We paid the entrance fee and were given a really nice little tour of the site along with demos of some of the gravitational differences between equator and north and south. I failed miserably in the egg challenge (try to balance the egg on the head of a nail while standing on the equator), found it challenging to walk the equator line with my eyes closed, and watched water swirl clockwise when south of the equator and counterclockwise when north of the equator. And what happens on the equator? No swirl. The water flows straight into the bowl.

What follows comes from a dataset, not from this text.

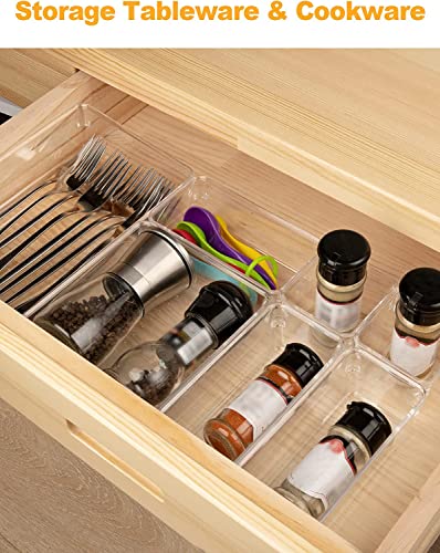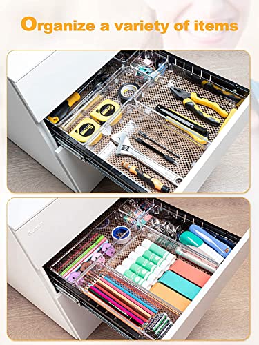 Details: Description Introducing our Drawer Organizer Tray – the epitome of efficient storage, designed to transform your drawers into neatly arranged havens of organization. In the heart of the kitchen, our cutlery organizer for kitchen drawers takes charge, offering a designated space for utensils, ensuring each tool has its place. The compact design of our small drawer organizer optimizes space, turning chaotic drawers into streamlined culinary hubs. For the makeup aficionados, our makeup organizer drawer is a game-changer, providing a stylish sanctuary for your cosmetic treasures. The acrylic drawer organizer not only keeps your makeup in check but also adds a sleek touch to your vanity. Office spaces find a savior in our drawer organizer tray for stationery, where pens, clips, and notes find their designated spaces, fostering a clutter-free workspace. The flexible and foldable design effortlessly adapts to various drawer sizes, ensuring seamless integration into any environment. Designed with durability in mind, our acrylic and plastic drawer storage organizers offer a clear view of contents, making it easy to locate items with just a glance. No more rummaging through a sea of objects – our organizer brings order to the drawer chaos. Upgrade your drawer game with our Drawer Organizer Tray – a stylish fusion of form and function. Say farewell to the days of disarray and welcome a new era of organized simplicity in every drawer of your home!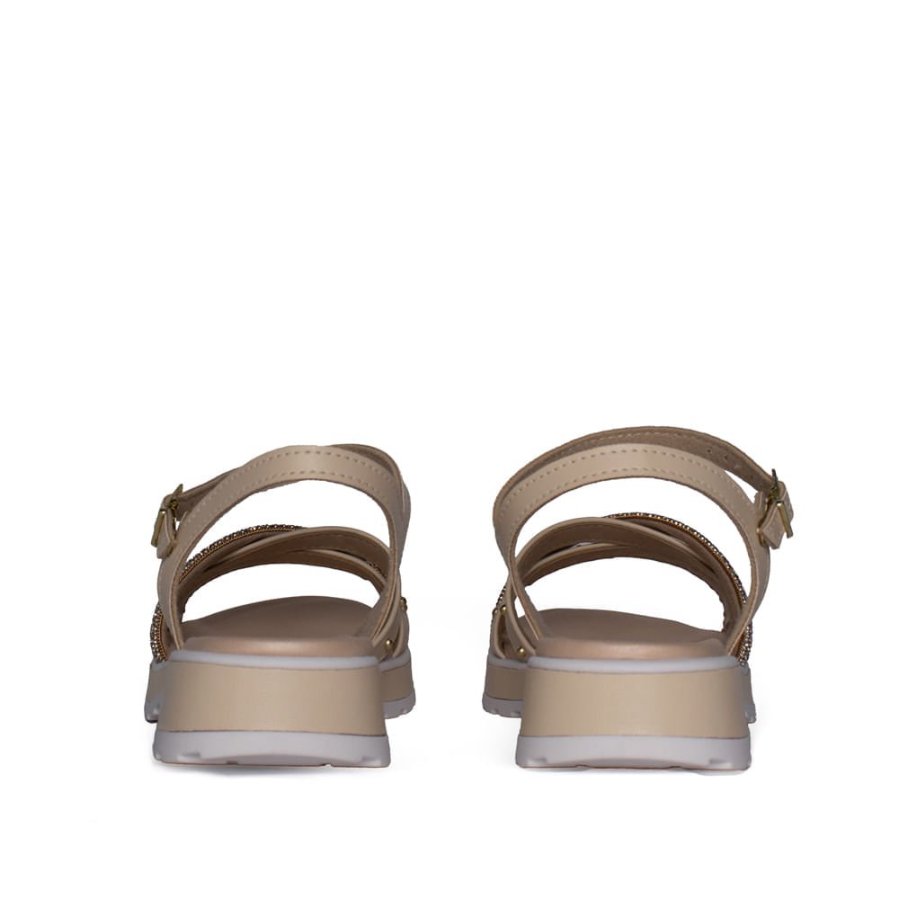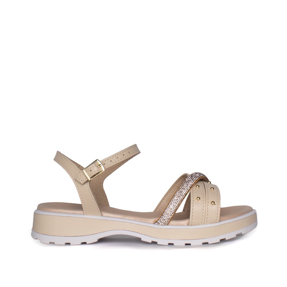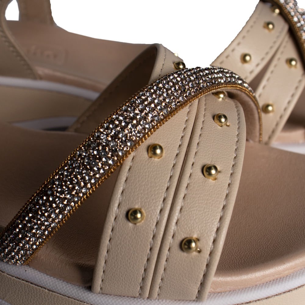 Ref: Confeccionada em napa sintética resistente, a sandália possui tiras frontais com glitter e strass, adicionando um toque sofisticado e lúdico ao visual. A palmilha macia em espuma oferece conforto prolongado, enquanto o fechamento em fivela garante ajuste seguro. O salto baixo de 2 cm em estilo plataforma contribui para a estabilidade, assim como o solado emborrachado com textura antiderrapante, proporcionando segurança em cada passo.

And also included in the tour was a bit of history regarding the animals native to the area as well as some history regarding the indigenous peoples of Ecuador, including viewing typical homes and weaponry and learning about the ancient tradition of lopping off the head of your enemy and shrinking it down to the size of a doll’s head. (Fortunately, the practice ended 50 years ago. And yes, we saw an actual shrunken head!
Anyways, all in all, it was a wonderful first day in Quito. Tomorrow we are off to the Otavelo Market (the largest market in the area) as well as some small towns along the way. Looking forward to a little shopping!